We learned this week that city officials and business leaders in Portland have been secretly at work on a new marketing campaign for our municipality and have apparently settled on a slogan that will soon be revealed to the masses. The timing of this news is troubling, as it implies it’s too late for average citizens to make suggestions, which is a very undemocratic way to craft an ad campaign. For what they’re worth, here are my ideas:
Portland is a very hip city, but most of our fellow Americans don’t realize it. Seasonal tourists are also often caught unprepared for Maine weather. So how about, “Portland: Cooler Than You Think — Bring a Jacket.”
The first thing most visitors now encounter driving into town are panhandlers in the traffic medians. The savvy marketer would pay these people to double as Walmart-style greeters, shaggy ambassadors to the Forest City. I like: “Portland: A Friend on Every Corner.”
Construction is also a common sight this time of year. Sure, it’s a hassle, but it’s also a sign of progress, of a city that’s evolving, of a place with plenty of good-paying government jobs. What about, “Portland: Road Work Ahead”?
Portland may very likely become one of the few American cities where marijuana is legal. We’d be foolish not to capitalize on that. I’d go with either “Green Grass and High Tides” or “Get Cobblestoned!”
Portland may also be one of the first American cities submerged by rising seas caused by global warming. I like, “Portland: Atlantis of the Future.”
Here’s a nifty slogan that both furthers the fiction there are lighthouses in the city while promoting all the new hotels we’ll have in the next couple years: “Portland: We’ll Leave the Headlight On.”
Mayor Mike Brennan promises the new slogan will “put Portland on the map.” That’s a start. Visitors are often bedeviled by our downtown, riddled as it is with confusing intersections, wacky one-ways and streets that change their name for no apparent reason. That said, getting lost is part of the adventure. Mr. Mayor, I submit to you, “Portland, Maine: A Hot Mess for Your GPS.”

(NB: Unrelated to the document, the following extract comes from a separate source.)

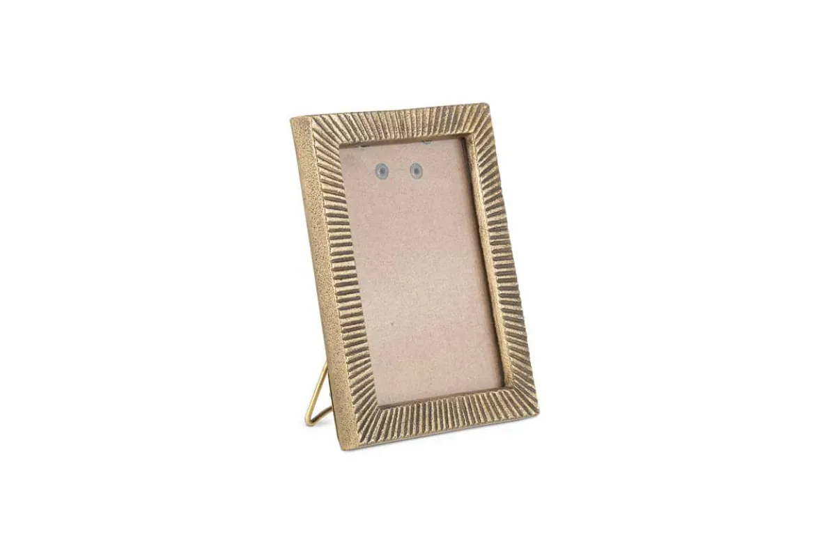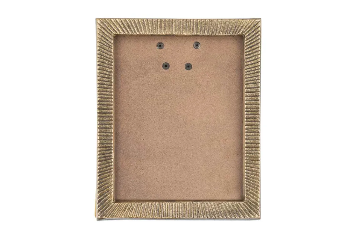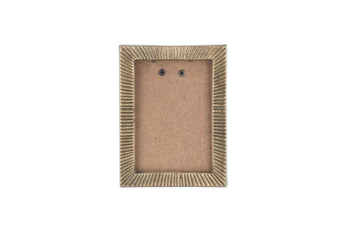 Our Ranoli frame is crafted from cast aluminium, featuring an antique brass hue that complements its unique antique curved groove design. It has an imperfect textured finish that adds a layer of depth and character, making each piece distinctly one-of-a-kind. Perfect for showcasing your cherished memories with a touch of vintage elegance, blending beautifully with both modern and traditional decors. Can be presented standing or hung on a wall. Available in two sizes.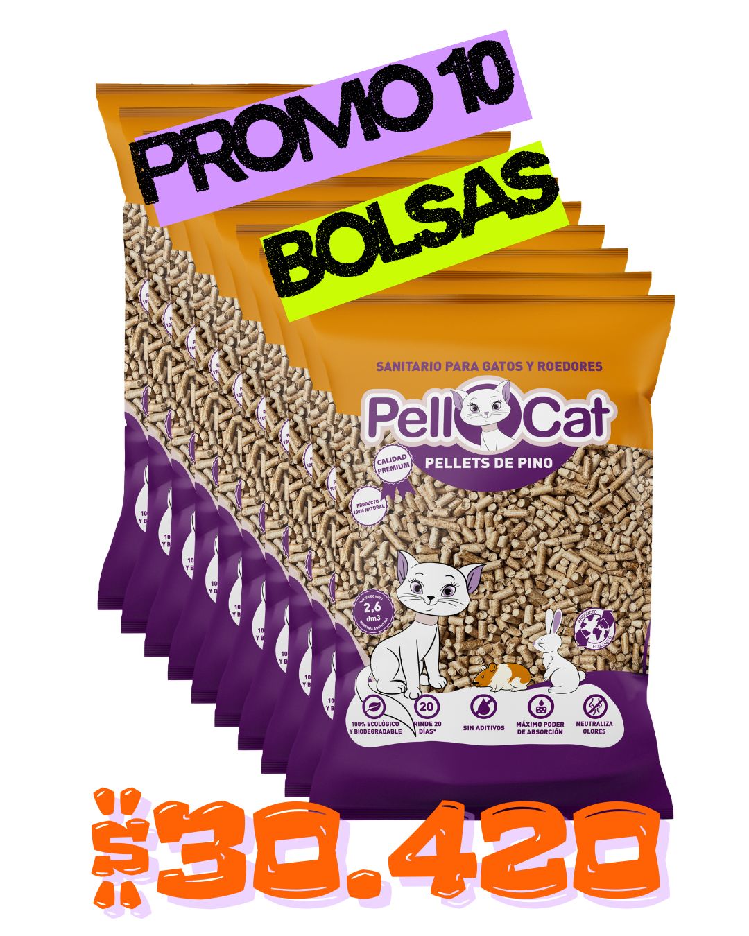 Pellcat x 10 unidades. 2 bolsones de 5 ud c/u

Many cities look to their past to come up with a snappy slogan. We could tip our hat to history, promote our safety, and turn our overtime-bloated fire department from a fiscal liability into marketing gold with, “Portland, Maine: Inferno Free Since 1866.” There’s also our most famous poet (“Portland: A Wadsworth of Fun!”) and all the names the natives gave to this land (“Machigonne Wild!” “Aucocisco A-Go-Go,” “Falmouth Neck is for Neckers!”).
Portland’s food scene is nationally recognized for its excellence, so I say we milk that cow some more (“Portland: Toothpick of the Pine Tree State”). Our restaurants were some of the first in the country to cater to the celiac disease crowd (“Portland: Gluten Free Since 2003,” or, more dramatically, “Gluten Free or Die”). Gotta give the lobster industry some love: “The Capital of Crustacean Nation.” And craft beer can always use a boost: “Land of 1,000 Lagers,” “No Crap on Tap,” “Microbrew for Me and You,” etc.
Unfortunately, our nutty governor is also giving us a national reputation. Based on the election results, this city rightly can, and should, distance itself from his shenanigans: “Portland: We Didn’t Vote for That Clown.” (Note: New marketing campaign may or may not be necessary after November 2014.)
Westbrook has been trying to mooch off our creative economy with the patently false slogan, “Artists Live Here.” I suggest Portland take a more truthful approach: “Artists Starve Here.” (Note: Starvation is not considered a negative in arts advertising but rather a reference to rock-bottom prices.)
Portland is not New York, or Los Angeles, or Paris — thank God. Let’s celebrate that by adopting the moniker, “The Land That Fashion Forgot.” I also like “Portland: Two Years Behind Every Trend.” Or how about “The City of Plaid Shoulders.” Or simply, “Sweatpants in Public OK.”
There are practical slogans to consider: “Portland: Like Us on Facebook,” or “Portland: Don’t Feed the Goddamn Gulls!”
But I think the marketing experts are correct when they say we really need to differentiate ourselves from that “other Portland” — you know, the one everyone outside Maine talks about like it’s the only freakin’ Portland on the planet? It’s infuriating! Yeah, we’re smaller, but so what? Our city was founded before theirs was and, according to the Internet, they copied our name because they couldn’t think up their own.
That’s it, last one: “Portland, Maine: More Original Than Oregon.”